The invention of optogenetics has enabled scientists to use light to turn cell-type specific neural activity on or off with millisecond-precision to probe neural circuit function (Yizhar et al. 2011). Complementing optogenetics, voltage imaging enables scientists to observe cell-type specific neural circuit activity with cellular-resolution using fluorescent indicators (Knopfel & Song, 2019).
With voltage imaging, scientists can closely replicate electrophysiology measurements, but with the advantage of visualizing large neural populations. Integrating optogenetics with voltage imaging opens the possibility of performing all-optical electrophysiology (Hochbaum et al. 2014).
All-optical electrophysiology would enable scientists to image the activity of large neuron populations and simultaneously perturb cellular activity using optogenetics to both ‘read’ and ‘write’ neural activity. The integration of optogenetics and voltage imaging opens the door to these techniques being performed simultaneously in the same experiment to investigate the causal link between neural circuit activity, function, and behaviour.
To perform all-optical electrophysiology experiments with both voltage imaging and optogenetics, scientists require optimized biology and the appropriate equipment.
All-Optical Biology
A wide-range of optogenetic probes have been developed, differing in function (excitation or inhibition), activation time, and expression properties.
Optogenetic probes are excited by wavelengths of light ranging from blue to red, depending on their properties, and they have only an excitation spectrum to activate their excitation/inhibitory properties (Yizhar et al. 2011).
In contrast, GEVIs behave in the same manner as a fluorophore (e.g. GFP), such that they exhibit excitation and emission spectra. However, the fluorescent signals of GEVIs are dependent on changes in voltage (i.e. increased fluorescence emission) and display dynamic behaviour, unlike a static signal emitted from a fluorophore (Knopfel & Song, 2019).
One problem encountered by combining optogenetics and voltage imaging is overlapping excitation spectra, such that both probes have a similar excitation wavelength. This means that, when trying to image the GEVI, you can potentially activate the optogenetic probe at the same time. Thus, due to potential optical crosstalk, it is not possible to determine if measured changes in the voltage imaging signal are due to natural changes in neural activity or optogenetic-induced changes.
Optical crosstalk in all-optical electrophysiology experiments can be reduced by selecting imaging indicators and optogenetic probes with non-overlapping excitation spectrums (Emiliani et al. 2015).
An example of this is used by Fan et al. 2020 where they used red-shifted GEVI SomArchon and blue-shifted optogenetic probe CheRiff for all-optical electrophysiology. This decreased the likelihood of crosstalk by reducing or even preventing indirect activation of the optogenetic construct during imaging.
The further optimization of voltage imaging and optogenetics probes (e.g. sensitivity, excitation spectra) will help prevent optical crosstalk in all-optical electrophysiology experiments.

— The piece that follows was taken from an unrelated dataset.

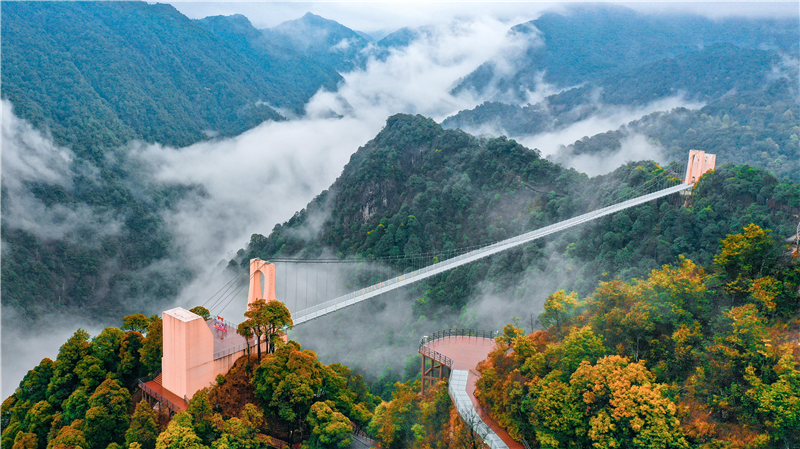 乘坐索道,俯瞰群山叠翠、溪流蜿蜒;
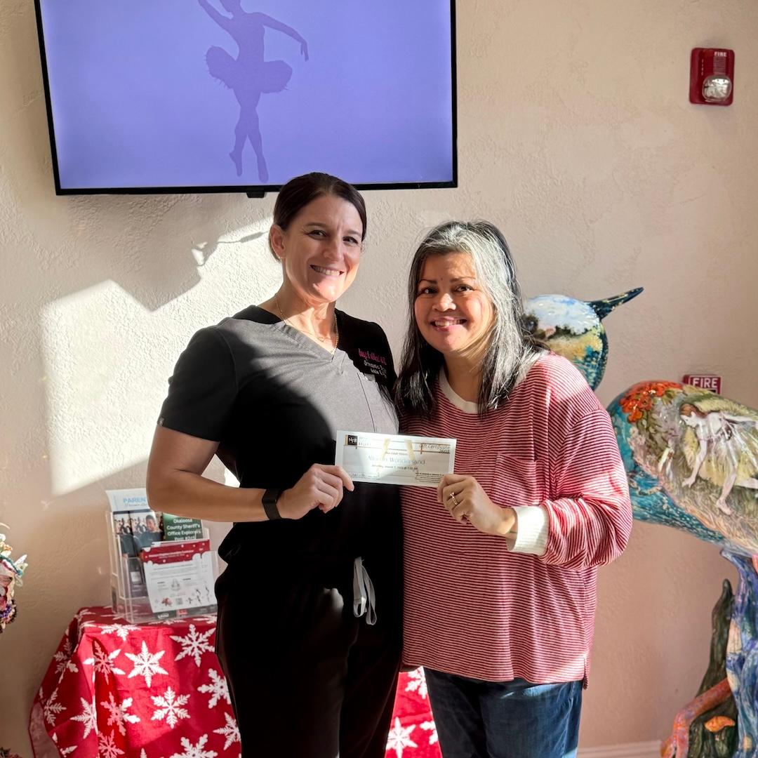 Dr. Ahmed also made the shorter trip to Fort Walton Beach for her monthly on-site clinic with the Northwest Florida Ballet. While she was there, she took a moment to generously donate her Alice in Wonderland tickets to the deserving staff of local non-profit, The Pearl Project Northwest FL Chapter.

Equipment: Widefield vs. Cellular-Resolution Optogenetics
Once the biology is optimized, you will require the appropriate equipment. For all-optical electrophysiology experiments, there are two options for optogenetics: widefield and cellular-resolution.
Widefield optogenetics uses a standard light source to illuminate the entire field of view. Thus, all neurons will be stimulated indiscriminately, with no ability to select individual neurons.
In comparison, the ability to illuminate select neurons within a population of optogenetic-expressing neurons is called cellular-resolution optogenetics (Shemesh et al. 2017). This method requires more sophisticated spatial specificity to selectively stimulate individual neurons within an optogenetic-expressing population.
The ability to illuminate certain individual neurons is not a limitation of optogenetics per say, but a limitation of the standard optogenetic light sources used in most optogenetic systems. As mentioned above, standard light sources can only illuminate all cells within the field of view, and they have no ability to control where they illuminate to target individual neurons.
The development of spatially targeted light technologies have enabled researchers to control where the light illuminates the sample, such as an individual cell, making cellular-resolution optogenetics possible (Ronzitti et al. 2017). For example, a digital micromirror device (DMD), such as Mightex’s Polygon Patterned Illuminator, allows researchers to illuminate multiple select individual neurons or regions simultaneously to perform cellular-resolution optogenetics.
Cellular-resolution optogenetics has multiple applications in the field of neuroscience. For example, scientists can study neural circuits and decode neural patterns at the level of individual neurons (Anastasiades et al. 2020; Tran et al. 2019). These types of studies have been carried out both in vitro and in vivo using different technologies (Shemesh et al. 2017; Anastasiades et al. 2020; Tran et al. 2019; Chen et al. 2019). The experimental applications for cellular-resolution optogenetics is endless.
Depending on your all-optical electrophysiology experiment, there are options available for both widefield and cellular-resolution optogenetics integration.